Lost. That's the exact, to the point description of how I've been feeling for the past 12 months, void of passion, lacking direction and I have generally become a stranger to myself. A few years back I would have been described as 'incredibly driven', an individual who knew what she wanted and would work hard to obtain whatever goals I had placed on my to do list. I knew where I was going and even though I didn't know exactly how to get there I was comfortably confident that the path would open up before me should I work hard enough in right areas and remain focused just as it always did.
Even just using the word 'was', the past tense, hurts my heart a bit because it's a reminder that I am no longer that way. Not for now at least.
The left-sided brain of mine tells me that this simply will not and cannot continue forever, that it's a mere 'transition stage', I'm growing, I've turned 30, I'm developing. The right-side of my grey matter is screaming with uncomfort, full of creativity waiting to emerge but with no known output. It's like I have two sides living in the same head, in-fighting, and I can accurately describe it as outright exhausting.
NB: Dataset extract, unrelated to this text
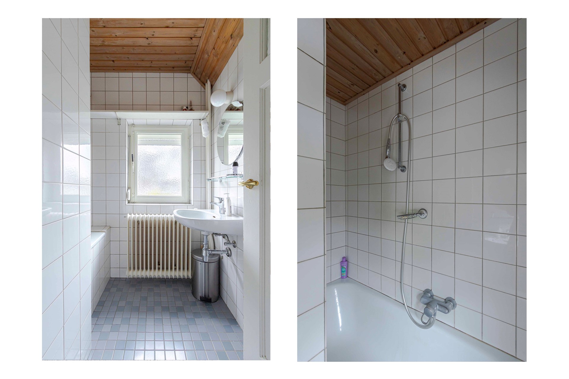 Achter op de verdieping ligt ook een kleinere kamer van 2,60 x 1,84 meter, momenteel in gebruik als wasruimte met een extra toilet. Aan de voorzijde bevindt zich de badkamer, ruim 3 m² groot, eenvoudig van afwerking en voorzien van een ligbad met douche, wastafel en een tegelvloer.

I have become the type of person who I would previously seek help from me, I would inject them with positivity and uplifting quotes, with stories of how, no matter how down you feel, there is always, always something good to focus on. But now I understand, I know there is so much good in this world, so many great things in my life, yet for some reason, to focus on them seems almost impossible. Doctor's would perhaps label me as 'Depressed' and sure, if a label is what's necessary for me to be understood then I'll go with that for now but I refuse to be defined by this current state of mind I am experiencing. I am not my thoughts. I am determined to fully understand why I am where I am right now, and with understanding comes acceptance. Acceptance of my current state will enable me to grow. I know it, I just don't know how to live it right now.
I will not allow this to conquer me. I am a product of my previous thoughts and choices so I guess the first step is to become more conscious of my thoughts again, my life will be in my control once more.